Folgerichtig nimmt Graumann insbesondere die Aussagen von Joseph Smith jr. wissenschaftlich ernst, worin er sich in der Nachfolge von John A. Widtsoes Buch „Joseph Smith as a Scientist“ (1908) bewegt. Er widmet  Joseph Smith das gesamte 2. Kapitel. In den folgenden 10 Kapiteln inkl. der Zusammenfassung stellt Graumann anschaulich den aktuellen Erkenntnisstand der Astronomie den theologischen Aussagen insbesondere neuzeitlicher Offenbarung gegenüber. Dies geschieht auch besonders übersichtlich in den Anhängen 1 und 2. Es fällt auf, dass in Anhang 1 keine einzige Bibelstelle vorkommt,

Bei einzelnen Statements und Schlussfolgerungen Graumanns besteht natürlicherweise Diskussionsbedarf, dessen Befriedigung einige Zeit in Anspruch nehmen würde. Ich beschränke mich deshalb darauf, auf ein grundlegendes wissenschaftstheoretisches Problem zu verweisen, das auch die Komplexität der Sachverhalte verdeutlicht: Auf Seiten der Naturwissenschaft bedarf es in jedem Einzelfall eines Urteils über die Validität der jeweiligen Aussage bzw. Hypothese. Insbesondere Möglichkeit und Stand der Falsifizierung nach Karl R. Popper, dem österreichischen Philosophen, wären zu prüfen. Möglicherweise gibt es auch innerhalb der Naturwissenschaft durchaus geteilte Meinungen zu einzelnen Sachverhalten. Auf Seiten der Theologie stellt sich die Frage der Überlieferung, Übersetzung, Auslegung und relativen Bedeutung der jeweiligen Schriftstellen bzw. Statements von Generalautoritäten. Als Beispiel möchte ich die Offenbarung anführen, die Lorenzo Snow 1840 erhalten und die von Joseph Smith im persönlichen Gespräch und dann in seiner King-Follet-Ansprache 1844 deutlich bestätigt wurde: „Wie der Mensch jetzt ist, war Gott einst. Wie Gott jetzt ist, kann der Mensch werden.“ Wenn man sie ernst nimmt, ist sie revolutionär und von außerordentlicher kosmologischer Bedeutung (vgl. Bruno Johannsson (2017): Jahrhunderte nach Luther, Twenty Six, Norderstedt, S. 30-31, S. 153 ff.). In den Ausführungen Graumanns spielt sie keine bedeutende Rolle.

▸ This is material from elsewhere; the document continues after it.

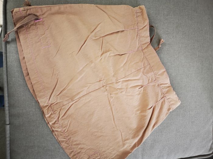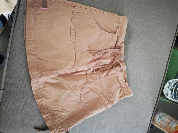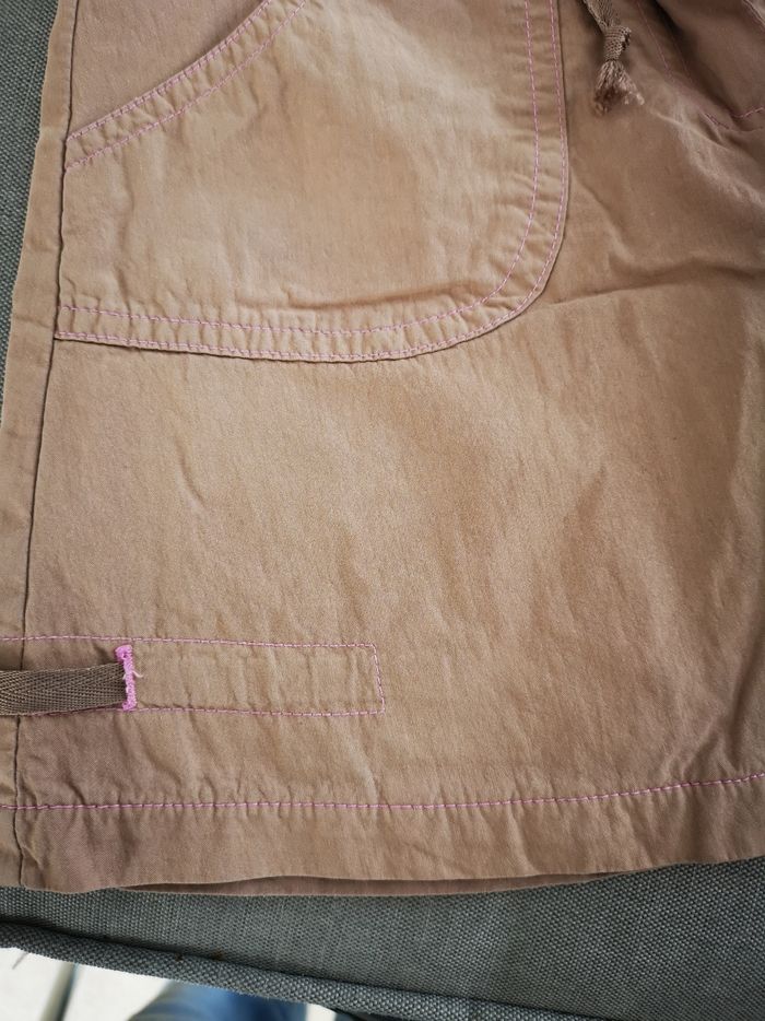 Beige avec coutures roses. 2 poches. La couleur est un peu partie sur le bouton. Ceinture réglable d'un côté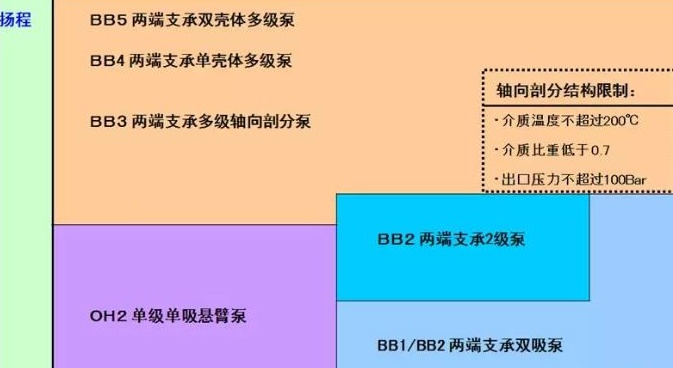 (5) 介質(zhì)溫度:介質(zhì)溫度超過(guò)200 ℃,選用徑向剖分式泵,泵腳中心線(xiàn)支撐。則可選擇的泵型為OH2型或BB2型泵(公眾號(hào):泵管家)。

Den oben dargestellten Verfeinerungen der Analyse kann man unmöglich innerhalb eines Buches gerecht werden. Es wäre eine bedeutende Aufgabe für einen Lehrstuhl an der BYU. Er wäre Jahre lang damit ausgelastet. Umso wertvoller ist die vorliegende Übersicht über die möglichen Problemstellungen und -lösungen, die Graumann allgemein verständlich für ein breiteres HLT-Publikum anbietet.

Mit obigen Überzeugungen kirchenintern zu publizieren erfordert schon ein beträchtliches Maß an Mut. Mir ist außer Widtsoe momentan kein Autor bekannt, der diesen Mut aufgebracht hätte.

Das Buch ist ein außerordentlich wertvoller Beitrag zur HLT-Kultur im deutschsprachigen Raum. Wir danken LDSBOOKS&N für den Mut zu dieser auch optisch aufwendigen Publikation. Wir hatten sie von Anfang an auf unserer Plattform www.omega-media.net unterstützt und vertiefen jetzt die Diskussion wie geplant durch bis jetzt drei Kommentare. Weitere Kommentare sind willkommen, zumal inzwischen mehrere Vorträge bzw. Zoom-Meetings mit Rainer Graumann auf ein erhebliches Interesse gestoßen sind.